### Provided entries:
--------------------------------

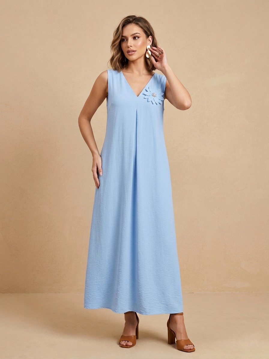 Vestido fresquito, escote pico, sin mangas, tejido con caída que no se pega al cuerpo. Detalle de broche en forma de flor y strass.
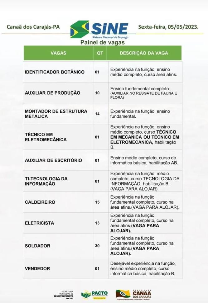 Veja as vagas disponíveis no Sine de Canaã dos Carajás hoje, 05/05/2023
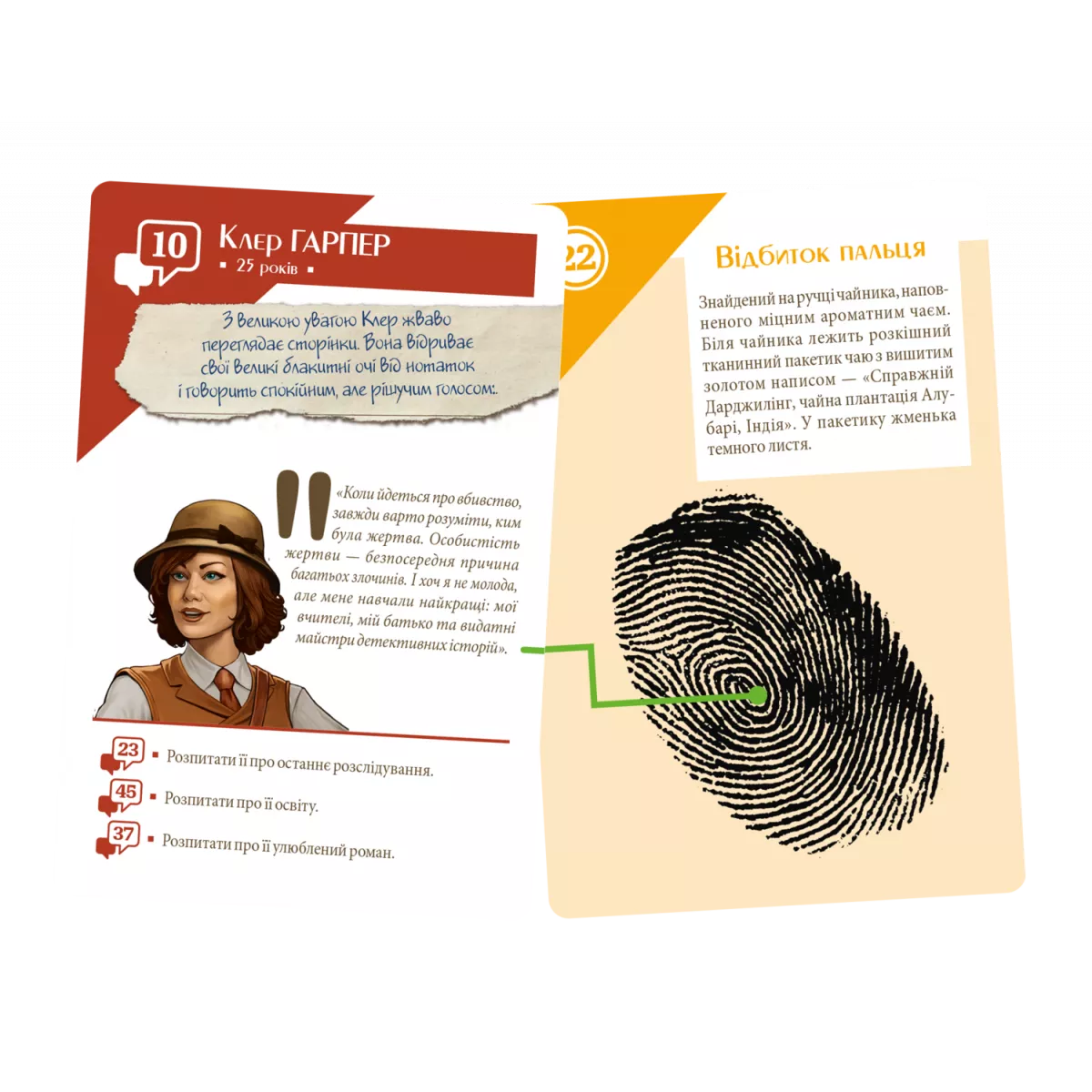 Протягом гри ви читатимете карти доказів, обговорюватимете отриману інформацію, робитимете припущення та певні висновки. Ваша мета – здобути якнайбільше очок, правильно відповівши на запитання.
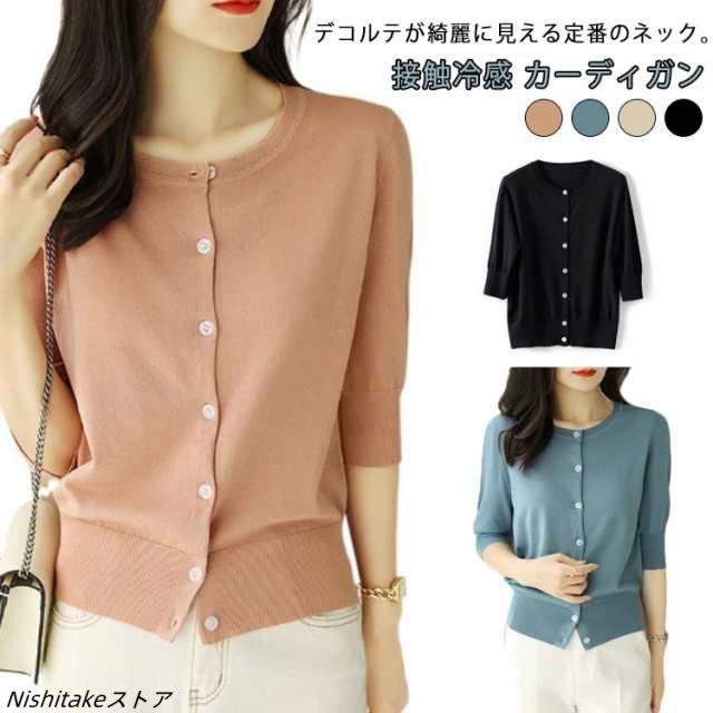 カーディガン 接触冷感 レディース 半袖 五分袖 羽織り 薄手 サマーニット ニットカーディガン カジュアル 大きいサイズ トップス 春夏 UVカット 通勤 丸首 夏 夏服 オフィス ニット 涼しい 無地 シンプ サマー カーデ 黒 UV 冷房対策
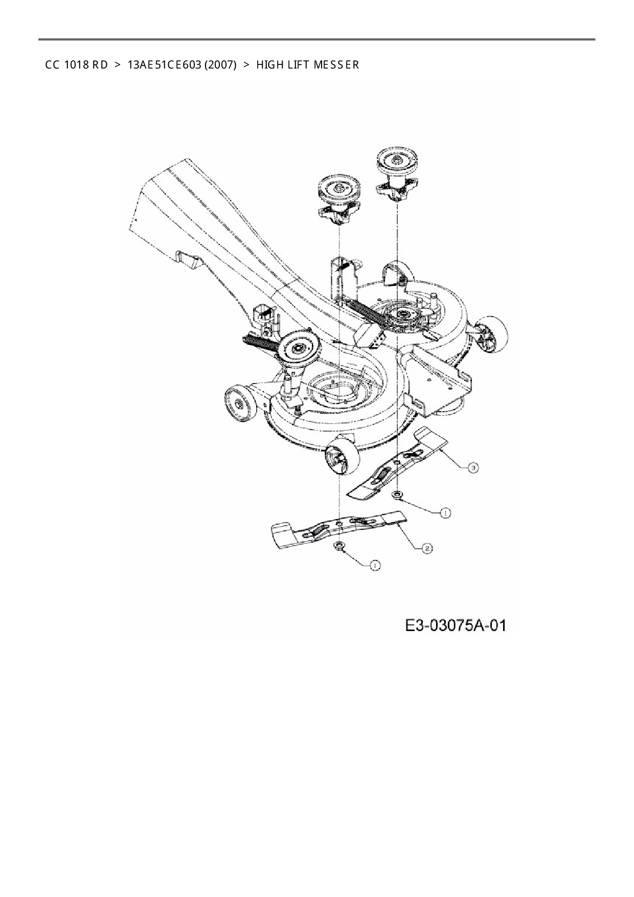 Ersatzteile für Rasentraktor Cub Cadet CC 1018 RD aus der Zeichnung High lift Messer:
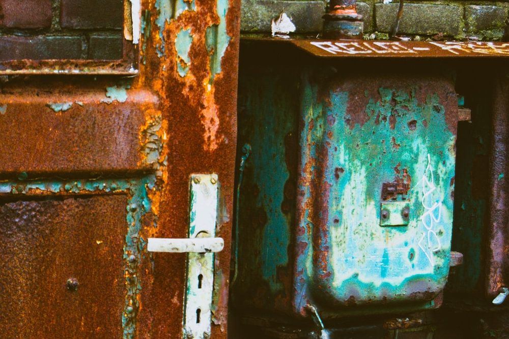 Rostige Tür eine alte Steinmauer verwitterte Ziegel. Alte Sicherungskästen mit dicken Stromkabeln. Das Bild strahlt Geschichte, Charakter und Leben aus.
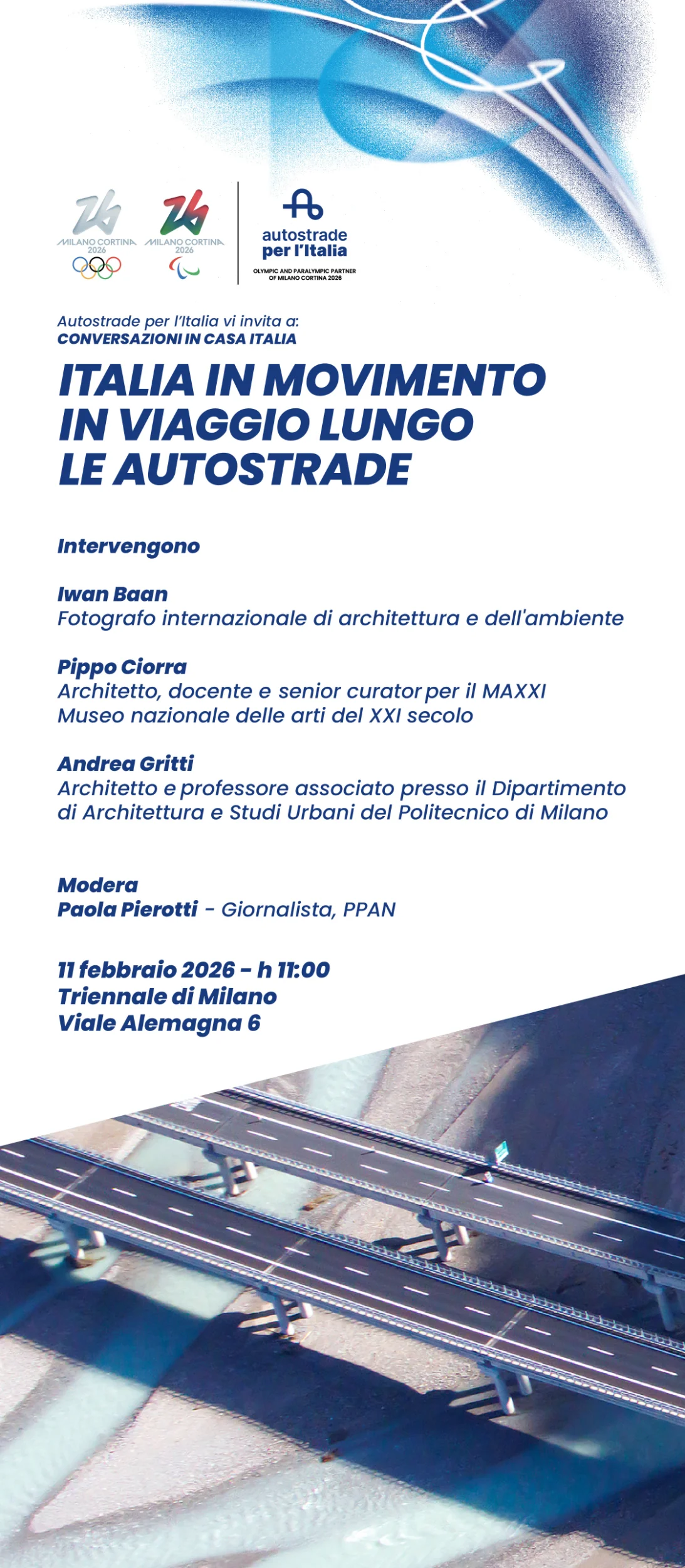 Autostrade per l’Italia avrà inoltre una presenza qualificata presso Casa Italia alla Triennale di Milano. Qui, il tema delle infrastrutture sarà centrale nel racconto del Paese attraverso la mostra «Italia in Movimento. Autostrade e Futuro», realizzata con il MAXXI - Museo nazionale delle arti del XXI secolo. Un’esposizione che riflette sul ruolo della rete nel plasmare il paesaggio e la società, proiettando la mobilità verso una visione di lungo periodo.
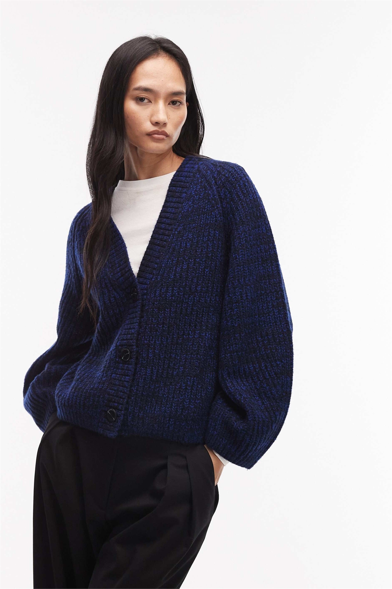 Кардиган с V-образным вырезом из смеси шерсти и хлопка с узором «коса»
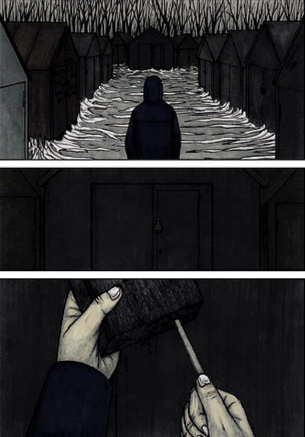 Мытищинский (по месту действия) ретро-хоррор (по сути) «Отверстия» от Civetadei Art и Германа Шендерова, выпущенный в свет издательством «Панцирь комикс», напрямую обращается к тем, чьё детство пришлось на девяностые, пробуждая воспоминания о типичной атмосфере среднестатистического подмосковного промышленного «спальника». Воспоминания эти, в одной стороны, стабильно вызывают ностальгию: вот тут мы крутили (ладно, старались крутить, получалось лишь у самых отчаянных) «солнышко» на скрипучих качелях во дворе, вот на «радость» соседям жгли там же костры, кидая в них аэрозольные баллоны и что-нибудь типа шифера. С другой стороны, в этих фрагментах памяти есть много такого, что хотелось бы забыть. Обычно это люди и их судьбы, с коротким, как черточка между годами жизни, финалом: спился, умер от цирроза, удавилась, пропал без вести, вскрылся… Стандартный, в общем, набор ситуаций, окружавший тех самых детей девяностых. То есть, всегда как будто существовал жесткий контраст в жизни молодого и ничего еще не понимающего в развалившейся стране поколения. Вот тебе возможность шариться за гаражами, тусить с друзьями допоздна и случайно вырывать у реальности редкие и недоступные ранее ништяки вроде карт с голыми женщинами. А вот череда смертей людей, которых ещё вчера ты видел у своего дома. И это тихие смерти, какие-то обыденные, если и попадавшие в твое информационное поле, то только благодаря тихим разговорам родителей на кухне под бухтящее радио: «Этот то, со второго подъезда… Да ну... Представляешь… Ужас какой…».
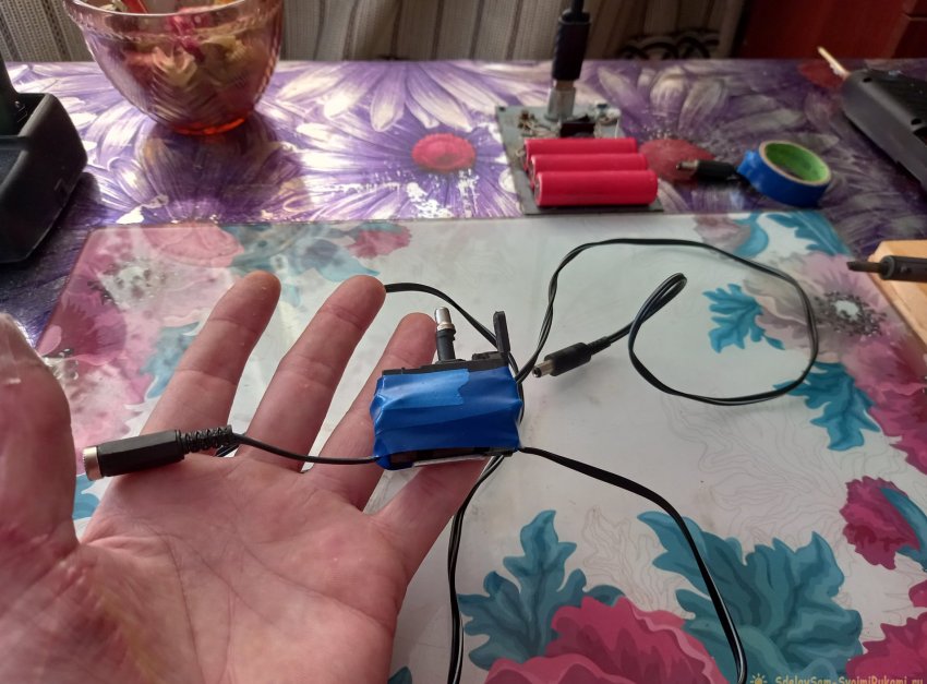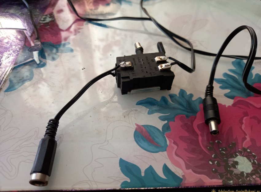 Разъем «мама» припаиваем коротким проводом к входу. Штекер «папа» к выходу, на длинный провод. На разъеме и штекере подобного типа, внутренний контакт всегда идет на плюс, а внешний – на минус. После пайки необходимо проверить, все ли правильно припаяно.

--------------------------------

### Your assignment:
Return exactly the lines of the material above, starting at the line containing "Veja as vagas" and finishing at the line containing "Кардиган с V-образным", without any pictures.

### Result:
 Veja as vagas disponíveis no Sine de Canaã dos Carajás hoje, 05/05/2023
 Протягом гри ви читатимете карти доказів, обговорюватимете отриману інформацію, робитимете припущення та певні висновки. Ваша мета – здобути якнайбільше очок, правильно відповівши на запитання.
 カーディガン 接触冷感 レディース 半袖 五分袖 羽織り 薄手 サマーニット ニットカーディガン カジュアル 大きいサイズ トップス 春夏 UVカット 通勤 丸首 夏 夏服 オフィス ニット 涼しい 無地 シンプ サマー カーデ 黒 UV 冷房対策
 Ersatzteile für Rasentraktor Cub Cadet CC 1018 RD aus der Zeichnung High lift Messer:
 Rostige Tür eine alte Steinmauer verwitterte Ziegel. Alte Sicherungskästen mit dicken Stromkabeln. Das Bild strahlt Geschichte, Charakter und Leben aus.
 Autostrade per l’Italia avrà inoltre una presenza qualificata presso Casa Italia alla Triennale di Milano. Qui, il tema delle infrastrutture sarà centrale nel racconto del Paese attraverso la mostra «Italia in Movimento. Autostrade e Futuro», realizzata con il MAXXI - Museo nazionale delle arti del XXI secolo. Un’esposizione che riflette sul ruolo della rete nel plasmare il paesaggio e la società, proiettando la mobilità verso una visione di lungo periodo.
 Кардиган с V-образным вырезом из смеси шерсти и хлопка с узором «коса»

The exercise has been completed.